Information provided:
----------------------------------------
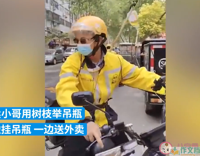 外卖员身绑树枝挂吊瓶送外卖
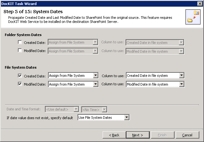 - Click Next twice to go to System Dates step. This step will assist you to retain the original date field (Created Date, Modified Date) values as in source file system to destination SharePoint.
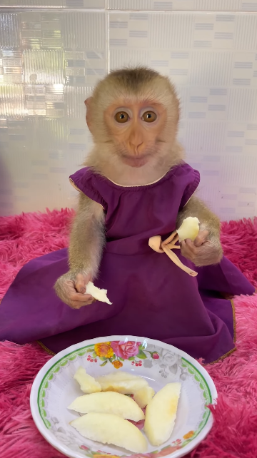 Monkey TanTan loves seeing Marry enjoy her fruits. Whether itโ€™s a sweet banana, a juicy orange, or a plump grape, Marry eats slowly and gently, savoring every bite. Sometimes juice drips from the fruit, but she doesnโ€™t mind at all. Instead, she continues munching happily, fully immersed in the simple joy of tasting something delicious.
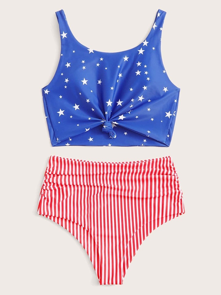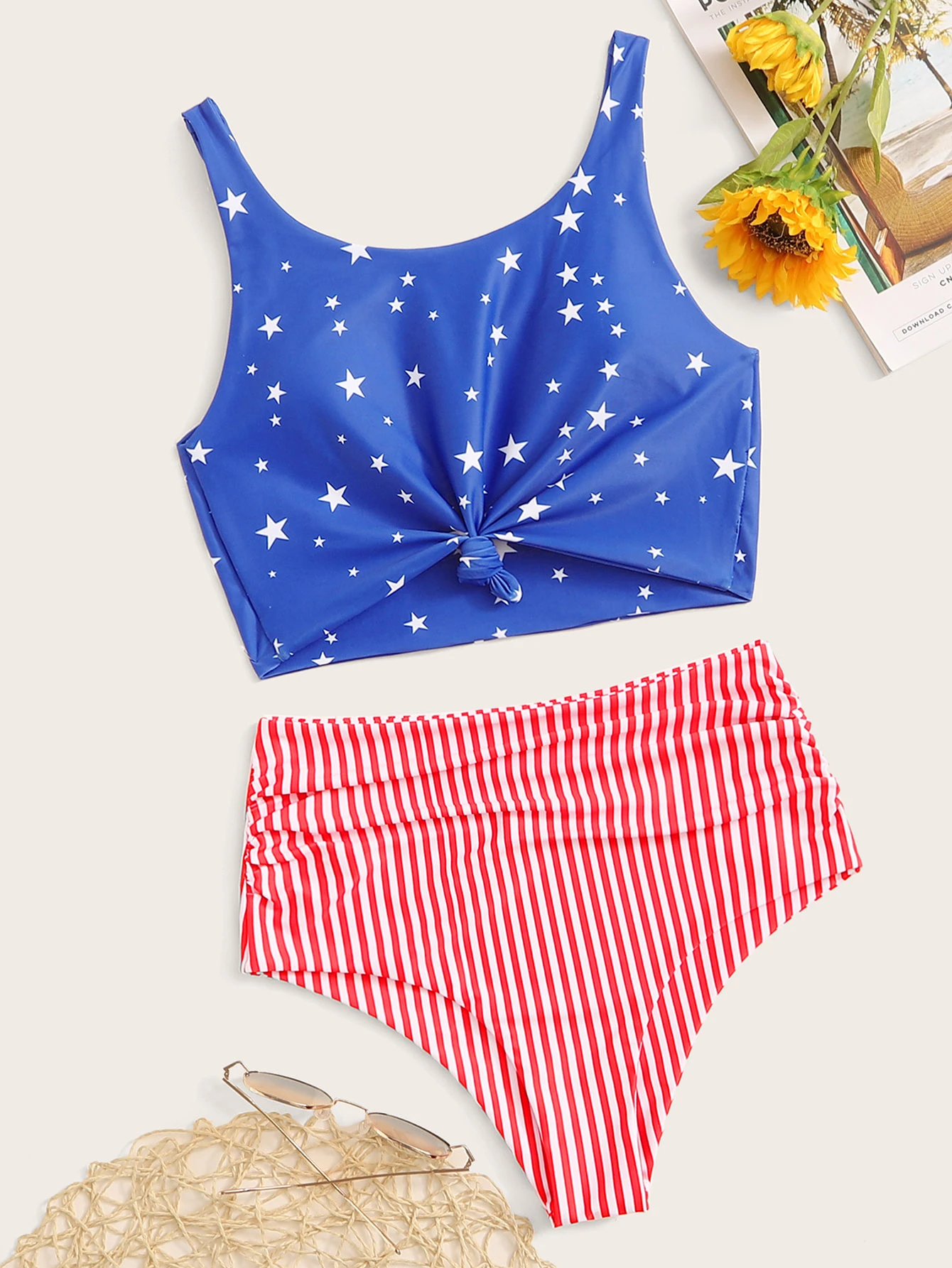 Bikini Set mit Stern Muster, Knoten und Streifen
----------------------------------------
The material must be restated verbatim. Its pictures must be omitted.

 外卖员身绑树枝挂吊瓶送外卖
 - Click Next twice to go to System Dates step. This step will assist you to retain the original date field (Created Date, Modified Date) values as in source file system to destination SharePoint.
 Monkey TanTan loves seeing Marry enjoy her fruits. Whether itโ€™s a sweet banana, a juicy orange, or a plump grape, Marry eats slowly and gently, savoring every bite. Sometimes juice drips from the fruit, but she doesnโ€™t mind at all. Instead, she continues munching happily, fully immersed in the simple joy of tasting something delicious.
 Bikini Set mit Stern Muster, Knoten und Streifen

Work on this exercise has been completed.